A study of Kaduna North Local Government during the 2023 general election found that poverty significantly hinders political participation. The research identified unemployment, lack of capital, inadequate healthcare, and poor living conditions as key causes of poverty that, in turn, suppress electoral engagement. When people are preoccupied with survival, the act of voting can feel like a luxury they cannot afford—not just in terms of time and transport costs, but in terms of hope.
There is a profound irony here. The poor constitute the majority of Nigeria’s voting population—they hold the strongest numerical voting power. Yet their votes, even when cast, “rarely count in producing the leaders that will transform their economic fortunes”. This disconnect breeds disillusionment. As one analysis put it, “The average Nigerian voter has seen promises broken so often that political participation now feels like betrayal of self-interest”.
The Erosion of Democratic Accountability
Perhaps the most insidious effect of poverty on political decision-making is how it undermines democratic accountability. When votes are bought, politicians owe their loyalty not to the electorate but to the financiers who funded their campaigns. Leaders who arrive in office “owing favours to financiers and ward bosses spend their first months paying back those debts through padded contracts, political appointments, and quick, flashy projects that photograph well but fix little”.
The result is a cycle of poor governance and persistent poverty. Citizens sense the stitch-up and either stay home the next time or retreat into ethnic and party strongholds. Over time, “the state becomes less capable, budgets leak, insecurity festers, and the country’s political imagination shrinks to whatever can be traded by the next broker on the next election day”.

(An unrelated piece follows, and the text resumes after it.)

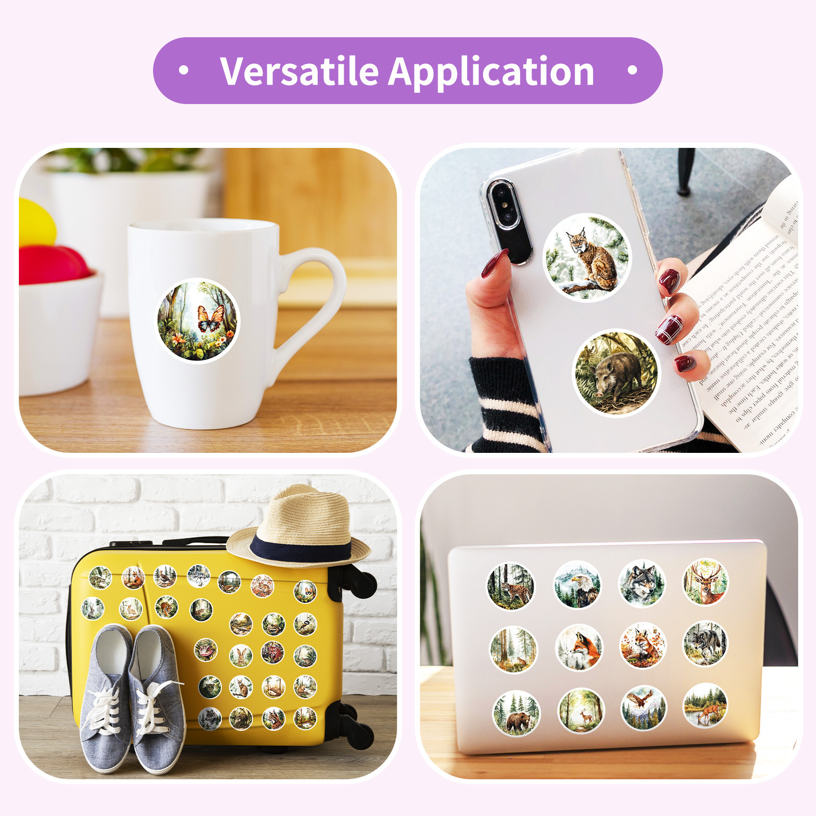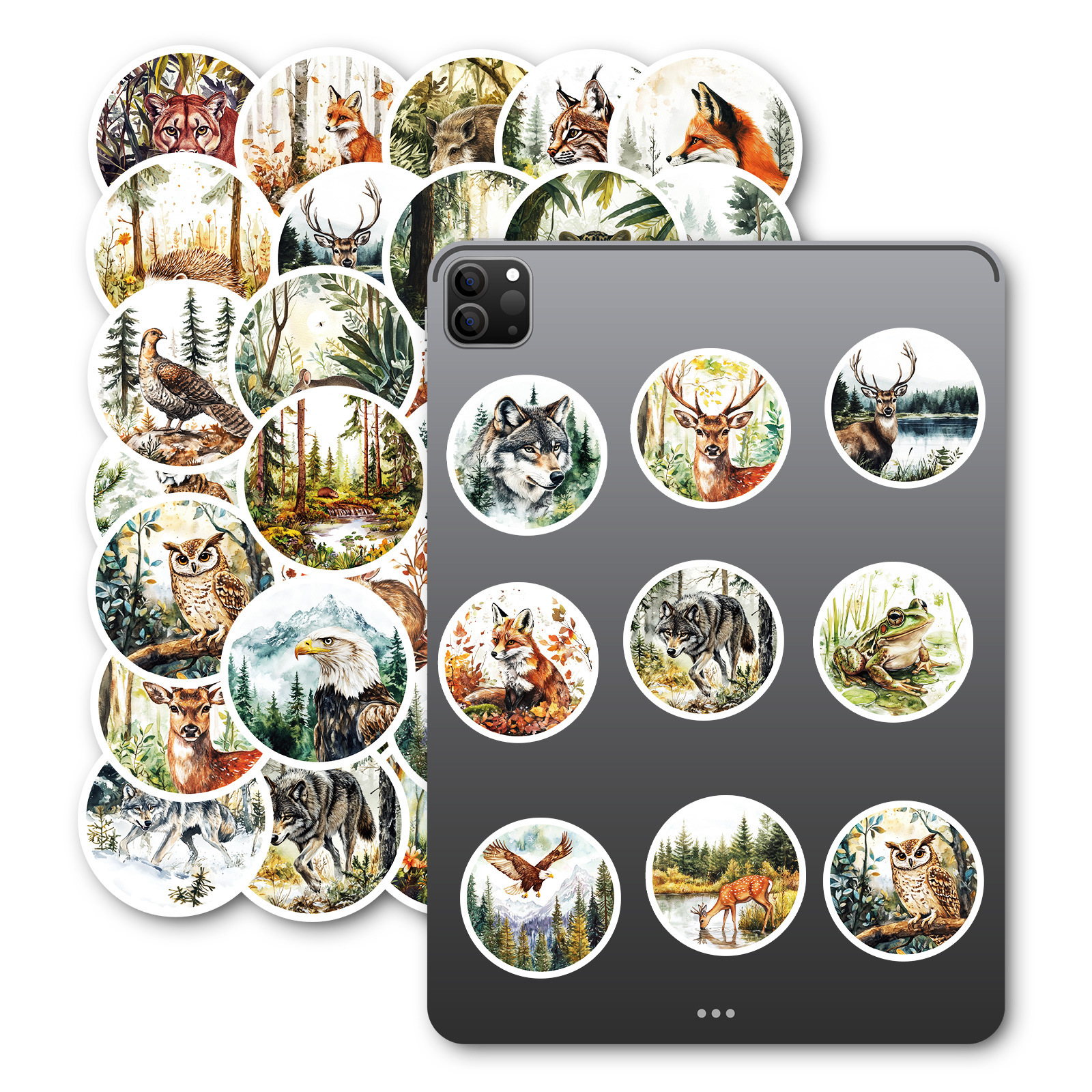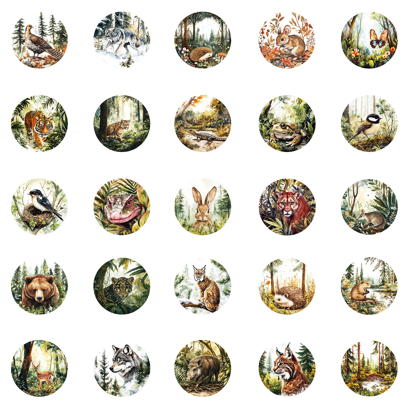 50 枚の売れ筋ラウンドレトロスタイル水彩動物落書きステッカータイガーフォックスウサギ非繰り返しステッカー

This is not simply a matter of electoral malpractice; it is a fundamental threat to democratic legitimacy. A philosophical study of poverty and democratic participation in Nigeria warns that conducting elections in contexts where poverty severely constrains individual autonomy “distorts the collective will of deprived people”. When survival compels voters to sell their votes, the election results reflect not the will of the people but the depth of their desperation.
A Way Forward
Breaking this cycle requires more than electoral reforms; it demands addressing the underlying economic conditions that make voters vulnerable. As HURIWA has argued, “Temporary handouts cannot replace long-term investments in jobs, education, healthcare and social protection”. The group insists that “fixing the economy is the only way to safeguard the democratic will of the people”.
Strengthening electoral institutions is also critical. The Independent National Electoral Commission (INEC) must be empowered to prosecute vote buying cases publicly and promptly, as has been done in countries like Brazil. Civic education must help voters understand that selling their vote is not just a personal choice but a collective act that undermines the democratic process for everyone.
Yet these measures will only go so far as long as poverty remains pervasive. As long as 139 million Nigerians struggle to meet their basic needs, the promise of immediate relief will continue to outweigh the abstract ideal of democratic accountability. The challenge for Nigeria’s democracy is not just to hold free and fair elections, but to create conditions in which voters can afford to make political decisions based on something other than hunger.